28 June 2002


Government inaction

on UK agricultures

desperate state means

the time for being

polite has come to an

end, says John Clark

It is time to stop being polite about the problems afflicting UK farming. Why? A raft of reasons, including the governments refusal to grant a public inquiry into the foot-and-mouth crisis.

Then, its inaction in stopping illegal meat imports flooding into our country, the gross dragging of feet on the Curry Report, and the blatant message from ministers that no more cash for production support will be available for farmers. Neither should we forget the brainwashing messages that our modulated money is mostly for environmental measures and wildlife habitats. Nor the continuing power of the multiples to take most of the margin and dictate prices. The government shows no willingness to curb their power.

All farmers who rely on selling produce to support their families must be at the point of utter disillusionment. We should make a stand.

Some, up till now, have vented their anger on those that represent them – mostly the NFU. I understand why they are angry at the NFU. They expect the union to get results on the important issues.

But I believe we need to adopt a new approach. The NFU office-holders and staff cannot take radical direct action. Their job is to discuss and point out to ministers why policies are unworkable and to propose other options. In many areas, that approach is succeeding.

But they are ineffective in some of the main problem areas. We, the working full-time farmers, must co-ordinate some other action to show our support for the NFU and at the same time let the politicians and the public get a raw, unwatered message that enough is enough, we cannot face another season without a dramatic change in the present situation.

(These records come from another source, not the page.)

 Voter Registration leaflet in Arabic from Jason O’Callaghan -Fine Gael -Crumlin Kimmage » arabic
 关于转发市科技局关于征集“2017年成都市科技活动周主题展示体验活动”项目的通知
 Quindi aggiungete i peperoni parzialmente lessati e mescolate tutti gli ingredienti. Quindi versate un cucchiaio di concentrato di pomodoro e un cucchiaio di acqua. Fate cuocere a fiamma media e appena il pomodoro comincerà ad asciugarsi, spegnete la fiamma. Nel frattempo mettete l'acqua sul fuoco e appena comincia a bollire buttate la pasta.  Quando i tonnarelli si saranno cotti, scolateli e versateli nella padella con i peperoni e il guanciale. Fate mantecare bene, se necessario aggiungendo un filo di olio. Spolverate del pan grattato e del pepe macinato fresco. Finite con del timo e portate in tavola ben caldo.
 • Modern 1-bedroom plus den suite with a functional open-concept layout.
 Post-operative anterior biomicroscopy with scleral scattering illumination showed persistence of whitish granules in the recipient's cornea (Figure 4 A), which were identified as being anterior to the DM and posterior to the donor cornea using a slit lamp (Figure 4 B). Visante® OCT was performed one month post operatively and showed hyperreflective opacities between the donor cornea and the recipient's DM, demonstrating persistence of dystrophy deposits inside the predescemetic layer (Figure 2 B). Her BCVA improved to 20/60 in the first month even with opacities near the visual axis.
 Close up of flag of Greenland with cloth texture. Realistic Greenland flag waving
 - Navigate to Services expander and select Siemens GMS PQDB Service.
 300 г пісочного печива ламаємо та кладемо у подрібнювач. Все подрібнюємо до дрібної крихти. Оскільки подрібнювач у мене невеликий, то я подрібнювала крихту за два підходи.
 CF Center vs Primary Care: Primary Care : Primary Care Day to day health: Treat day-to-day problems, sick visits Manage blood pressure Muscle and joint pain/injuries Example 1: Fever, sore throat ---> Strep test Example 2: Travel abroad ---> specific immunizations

You will ask how we get this message across. Many of us will be attending agricultural shows. I suggest we try to persuade our MPs and ministers to attend such events. Then, lots of farmers should come to the NFU marquees bringing concise letters setting out why they are angry and cannot carry on. To be effective we need as many as possible to take this action forward.

Also we should display banners in our fields that adjoin main roads and motorways telling the public how untenable our present situation is. If that fails to stir the government, we should consider more direct action similar to past blockades organised by Farmers For Action.

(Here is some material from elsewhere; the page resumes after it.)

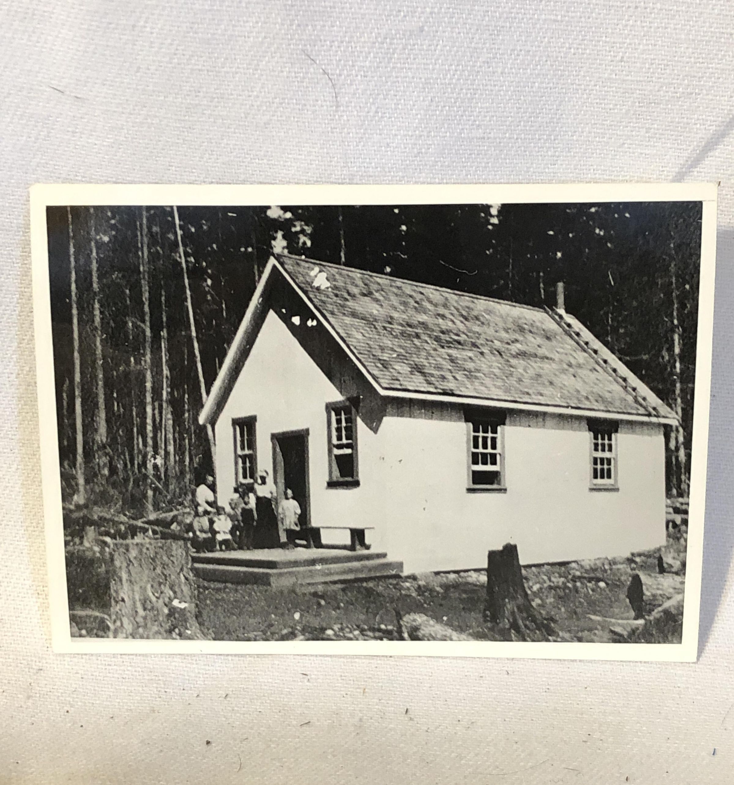 '1911 Built as a school on Frank Bros Dairy Farm Ebys Landing on Skeena River downriver from Terrace, Torn down in 1974, used for community services, community hall, earliest school.Acquisition

The NFU should, and will, keep negotiating with the government and promoting British food. But each of us can do something to promote farming. The union cannot budge this government without the active involvement of all working farmers.

Meanwhile, the NFU will continue to keep the pressure on government to get British agriculture back into profit. It will also continue to push forward a big programme of promotion and education and a range of proposed changes to regulations and restrictions to get the best deal for British farmers.

Working farmers are being crushed by the present trading conditions. Union office holders and active members will not change this without total support.

Now is the time to join up and fight. If we are doomed to be crushed, then let us be crushed fighting and not watching on the sidelines, criticising those that have been fighting for many years.